• Exercise details
Print exactly the lines below between the line holding "軽くシワ加工が施されていてビ" and the line holding "This fishing box", inclusive, and nothing more.

• Data provided
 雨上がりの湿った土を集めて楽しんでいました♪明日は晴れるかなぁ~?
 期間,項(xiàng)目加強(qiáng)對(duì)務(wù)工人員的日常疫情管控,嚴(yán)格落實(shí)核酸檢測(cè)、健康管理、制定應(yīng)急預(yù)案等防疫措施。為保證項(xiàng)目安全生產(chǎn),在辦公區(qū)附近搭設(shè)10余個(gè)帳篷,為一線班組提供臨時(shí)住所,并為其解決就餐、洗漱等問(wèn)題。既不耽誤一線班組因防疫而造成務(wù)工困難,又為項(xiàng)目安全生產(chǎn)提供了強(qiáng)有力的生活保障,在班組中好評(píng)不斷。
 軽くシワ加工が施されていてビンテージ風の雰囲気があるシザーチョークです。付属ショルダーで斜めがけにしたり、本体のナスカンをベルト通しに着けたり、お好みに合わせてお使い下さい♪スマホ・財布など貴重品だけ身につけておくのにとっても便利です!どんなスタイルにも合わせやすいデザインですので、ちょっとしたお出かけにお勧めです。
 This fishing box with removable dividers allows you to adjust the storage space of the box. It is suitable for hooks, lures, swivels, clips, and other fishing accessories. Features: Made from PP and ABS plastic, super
* * *
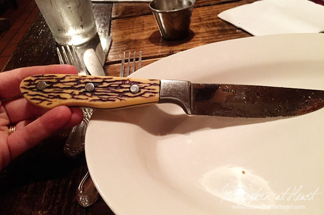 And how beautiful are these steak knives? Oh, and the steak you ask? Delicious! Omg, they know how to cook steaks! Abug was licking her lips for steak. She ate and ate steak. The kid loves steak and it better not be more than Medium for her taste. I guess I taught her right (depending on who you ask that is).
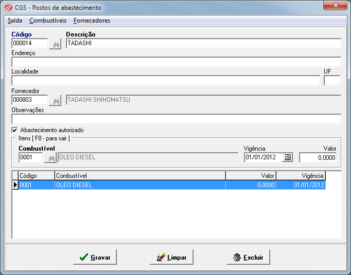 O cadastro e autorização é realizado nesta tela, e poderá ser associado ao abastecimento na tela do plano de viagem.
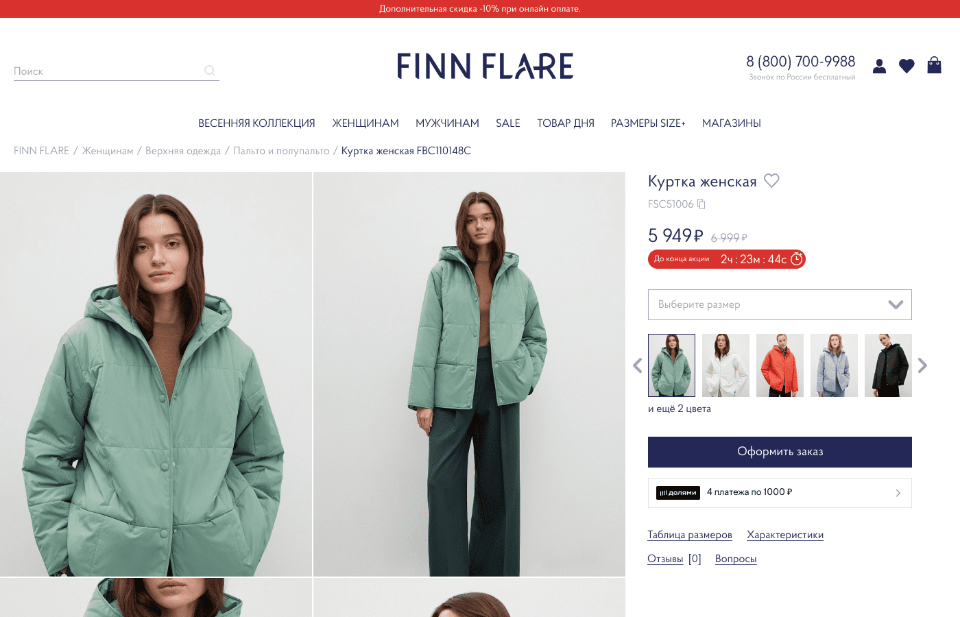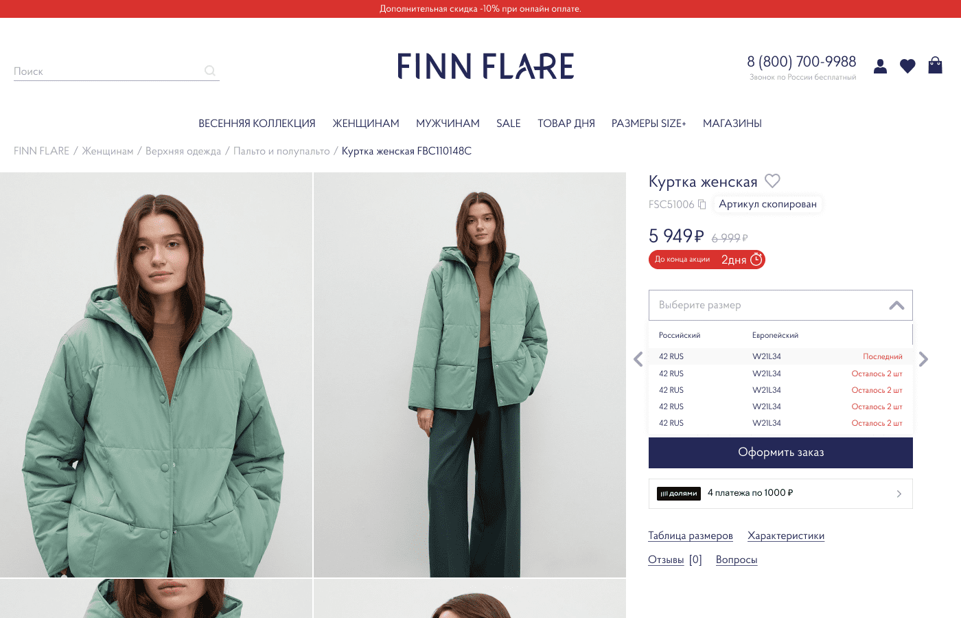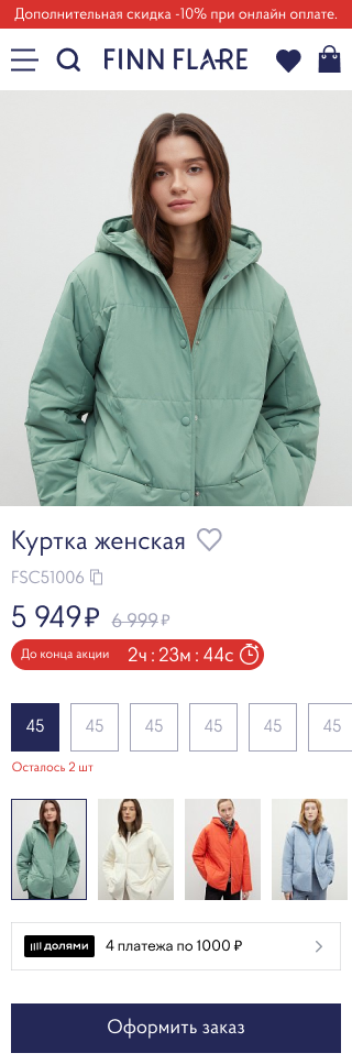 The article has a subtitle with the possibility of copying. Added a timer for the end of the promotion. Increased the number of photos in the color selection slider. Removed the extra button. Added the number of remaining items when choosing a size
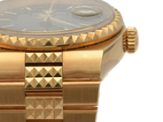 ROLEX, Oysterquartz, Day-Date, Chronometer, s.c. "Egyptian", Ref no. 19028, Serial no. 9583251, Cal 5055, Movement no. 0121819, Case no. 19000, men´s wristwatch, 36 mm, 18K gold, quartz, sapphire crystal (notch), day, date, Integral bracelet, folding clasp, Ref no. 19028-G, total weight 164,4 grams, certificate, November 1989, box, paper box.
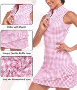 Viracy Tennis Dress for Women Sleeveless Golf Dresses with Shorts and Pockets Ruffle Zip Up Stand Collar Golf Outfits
--
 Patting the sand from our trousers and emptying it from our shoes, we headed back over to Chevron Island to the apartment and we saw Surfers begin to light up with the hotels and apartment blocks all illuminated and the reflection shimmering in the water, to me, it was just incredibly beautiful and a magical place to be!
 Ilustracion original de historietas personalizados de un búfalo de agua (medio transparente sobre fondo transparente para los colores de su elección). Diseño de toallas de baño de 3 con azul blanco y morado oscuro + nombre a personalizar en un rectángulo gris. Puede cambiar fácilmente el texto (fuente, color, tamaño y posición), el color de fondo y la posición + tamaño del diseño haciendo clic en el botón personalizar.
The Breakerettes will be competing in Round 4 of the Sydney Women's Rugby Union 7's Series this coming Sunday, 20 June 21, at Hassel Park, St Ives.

• Exercise output
 軽くシワ加工が施されていてビンテージ風の雰囲気があるシザーチョークです。付属ショルダーで斜めがけにしたり、本体のナスカンをベルト通しに着けたり、お好みに合わせてお使い下さい♪スマホ・財布など貴重品だけ身につけておくのにとっても便利です!どんなスタイルにも合わせやすいデザインですので、ちょっとしたお出かけにお勧めです。
 This fishing box with removable dividers allows you to adjust the storage space of the box. It is suitable for hooks, lures, swivels, clips, and other fishing accessories. Features: Made from PP and ABS plastic, super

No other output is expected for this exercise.